◆ Your instructions: If pictures appear among the lines below, leave them out while you return exactly the lines from the one with "Maximale mastlengte: 3,7m, 4" through the one with "The pedestal drawer".

◆ Data to use:
++++
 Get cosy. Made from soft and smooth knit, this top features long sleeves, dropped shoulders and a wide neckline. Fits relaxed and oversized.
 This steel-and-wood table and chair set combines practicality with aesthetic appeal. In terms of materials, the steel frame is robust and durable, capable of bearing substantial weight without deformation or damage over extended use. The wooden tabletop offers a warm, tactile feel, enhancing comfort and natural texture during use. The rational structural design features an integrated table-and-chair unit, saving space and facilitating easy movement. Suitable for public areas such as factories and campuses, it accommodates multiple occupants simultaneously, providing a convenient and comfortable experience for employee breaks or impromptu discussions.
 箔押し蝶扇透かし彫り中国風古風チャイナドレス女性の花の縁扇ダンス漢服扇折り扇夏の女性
++++
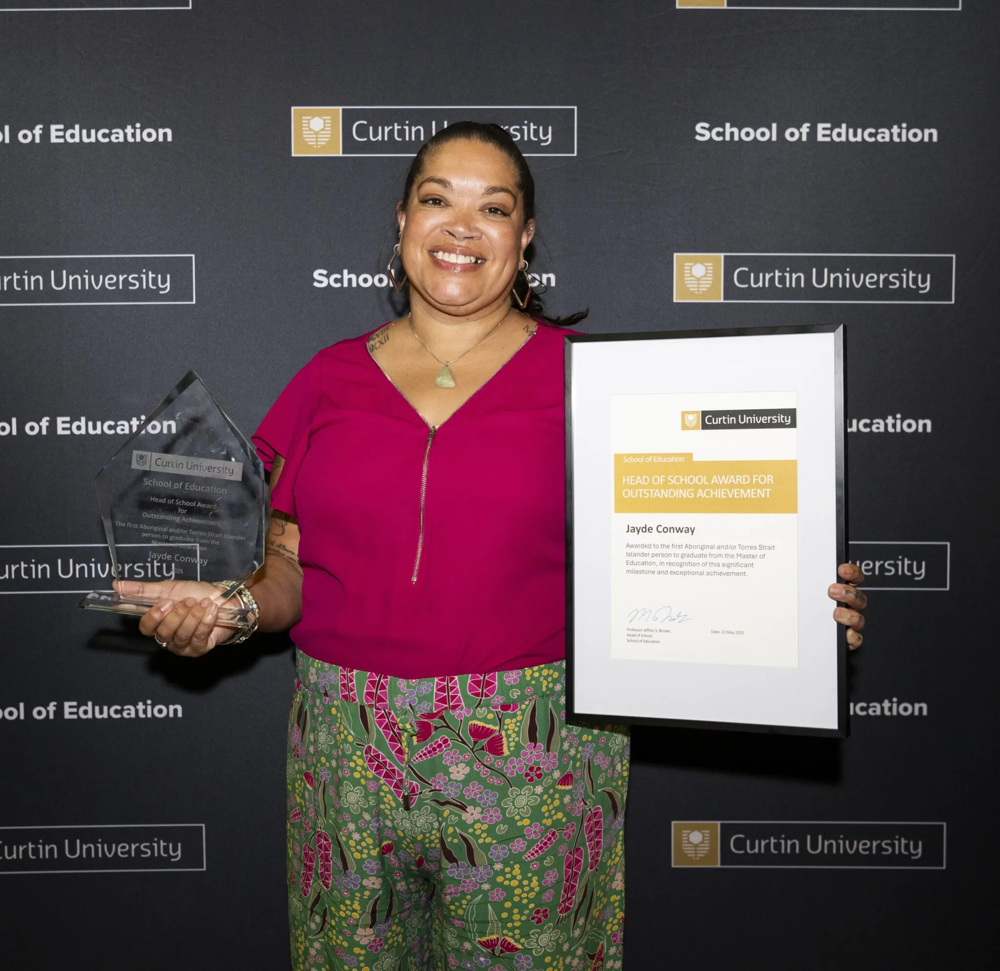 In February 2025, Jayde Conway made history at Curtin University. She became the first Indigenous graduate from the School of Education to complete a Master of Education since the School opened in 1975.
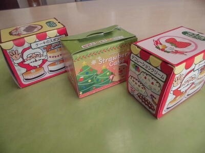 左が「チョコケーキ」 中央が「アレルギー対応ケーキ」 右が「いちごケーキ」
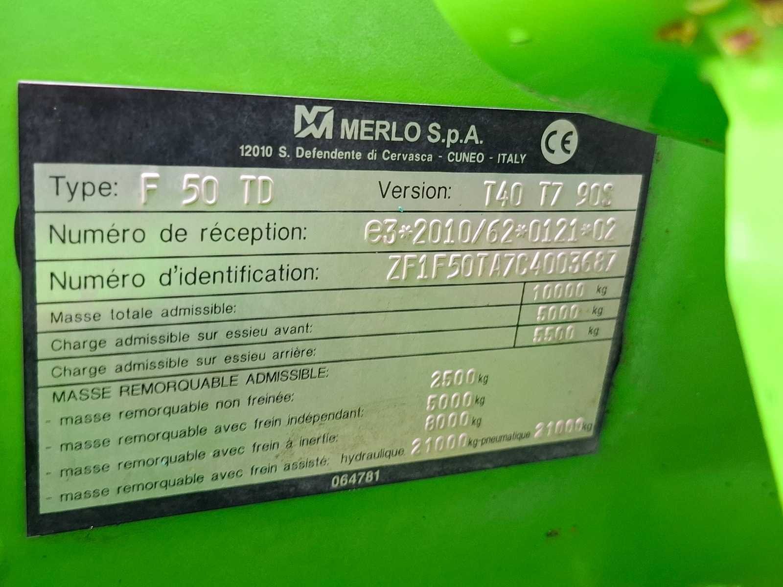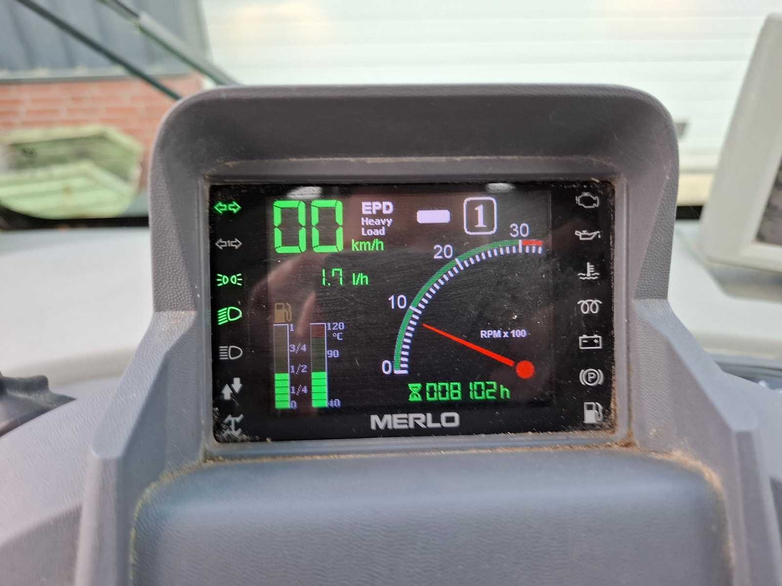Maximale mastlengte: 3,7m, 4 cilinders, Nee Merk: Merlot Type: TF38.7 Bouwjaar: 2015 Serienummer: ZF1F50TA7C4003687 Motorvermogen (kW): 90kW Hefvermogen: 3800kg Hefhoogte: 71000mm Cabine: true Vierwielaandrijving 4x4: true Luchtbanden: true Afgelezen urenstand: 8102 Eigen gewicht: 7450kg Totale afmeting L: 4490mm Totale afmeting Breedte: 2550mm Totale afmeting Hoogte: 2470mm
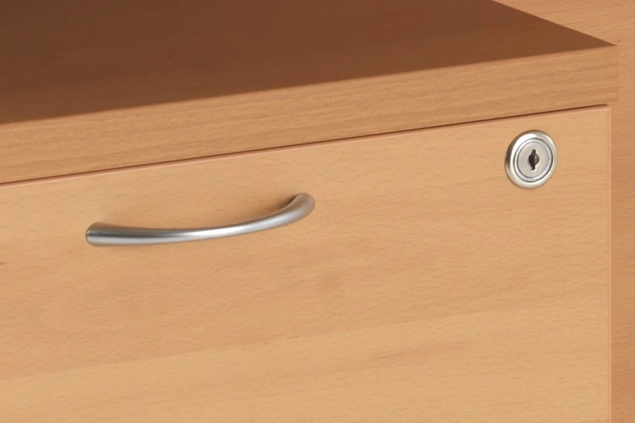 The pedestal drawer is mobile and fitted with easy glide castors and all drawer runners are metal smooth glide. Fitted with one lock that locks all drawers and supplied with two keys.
++++
◆ Exercise output:
Maximale mastlengte: 3,7m, 4 cilinders, Nee Merk: Merlot Type: TF38.7 Bouwjaar: 2015 Serienummer: ZF1F50TA7C4003687 Motorvermogen (kW): 90kW Hefvermogen: 3800kg Hefhoogte: 71000mm Cabine: true Vierwielaandrijving 4x4: true Luchtbanden: true Afgelezen urenstand: 8102 Eigen gewicht: 7450kg Totale afmeting L: 4490mm Totale afmeting Breedte: 2550mm Totale afmeting Hoogte: 2470mm
 The pedestal drawer is mobile and fitted with easy glide castors and all drawer runners are metal smooth glide. Fitted with one lock that locks all drawers and supplied with two keys.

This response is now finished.